» Work required
When you reach the line that contains "To find the", begin copying exactly, and continue through the last line of the data; no pictures belong in the copy.

» Collected material
────────

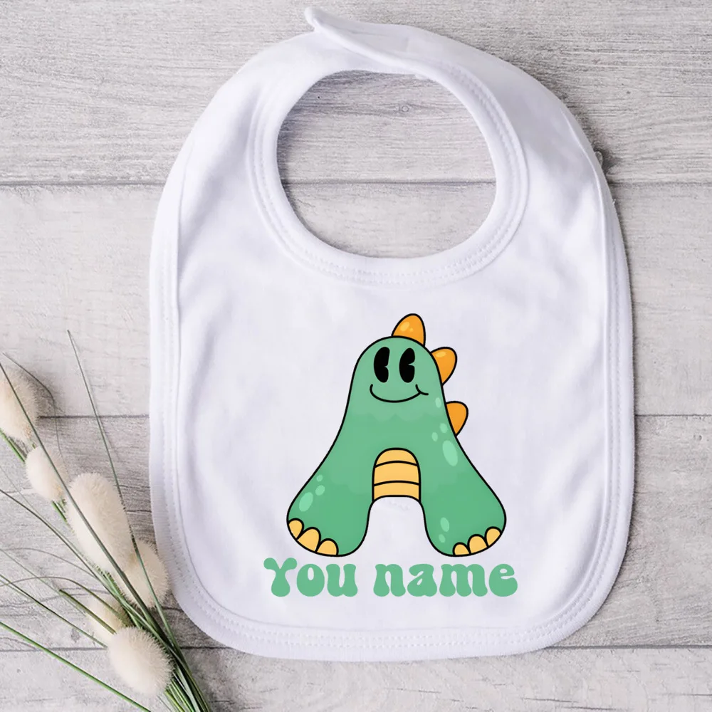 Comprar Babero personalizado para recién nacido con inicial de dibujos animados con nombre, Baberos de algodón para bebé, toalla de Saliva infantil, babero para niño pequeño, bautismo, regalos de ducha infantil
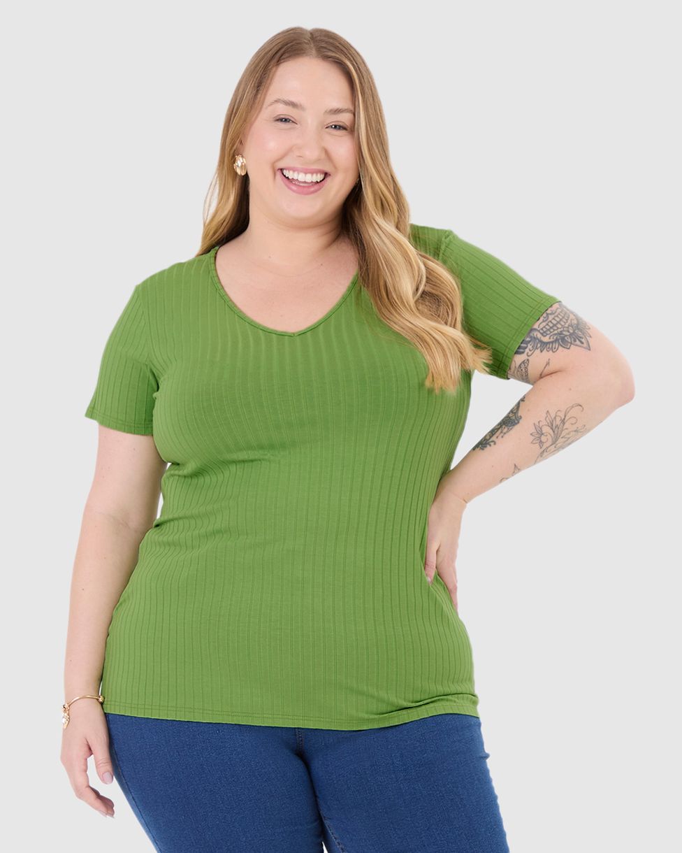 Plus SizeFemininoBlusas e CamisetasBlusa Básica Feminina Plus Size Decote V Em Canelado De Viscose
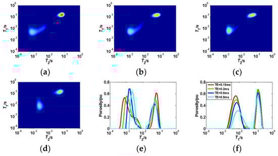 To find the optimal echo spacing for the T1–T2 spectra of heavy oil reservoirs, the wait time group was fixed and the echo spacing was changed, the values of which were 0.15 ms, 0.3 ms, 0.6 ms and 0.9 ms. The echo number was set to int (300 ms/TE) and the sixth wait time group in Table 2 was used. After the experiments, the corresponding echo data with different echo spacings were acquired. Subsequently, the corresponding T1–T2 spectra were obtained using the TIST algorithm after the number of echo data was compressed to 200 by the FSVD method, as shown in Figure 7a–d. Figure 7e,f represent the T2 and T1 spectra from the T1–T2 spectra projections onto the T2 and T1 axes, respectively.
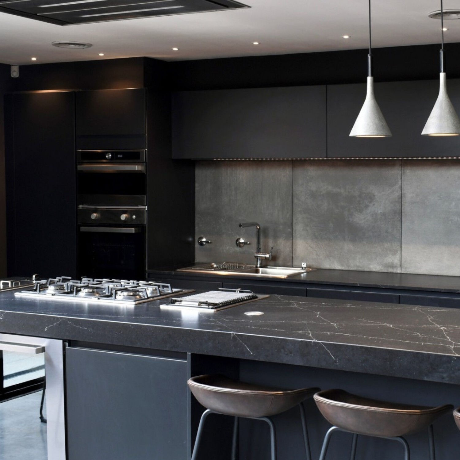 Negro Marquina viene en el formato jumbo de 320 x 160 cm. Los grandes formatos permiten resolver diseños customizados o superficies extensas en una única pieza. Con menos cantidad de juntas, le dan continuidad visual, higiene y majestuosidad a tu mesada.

────────

» Answer space
 To find the optimal echo spacing for the T1–T2 spectra of heavy oil reservoirs, the wait time group was fixed and the echo spacing was changed, the values of which were 0.15 ms, 0.3 ms, 0.6 ms and 0.9 ms. The echo number was set to int (300 ms/TE) and the sixth wait time group in Table 2 was used. After the experiments, the corresponding echo data with different echo spacings were acquired. Subsequently, the corresponding T1–T2 spectra were obtained using the TIST algorithm after the number of echo data was compressed to 200 by the FSVD method, as shown in Figure 7a–d. Figure 7e,f represent the T2 and T1 spectra from the T1–T2 spectra projections onto the T2 and T1 axes, respectively.
 Negro Marquina viene en el formato jumbo de 320 x 160 cm. Los grandes formatos permiten resolver diseños customizados o superficies extensas en una única pieza. Con menos cantidad de juntas, le dan continuidad visual, higiene y majestuosidad a tu mesada.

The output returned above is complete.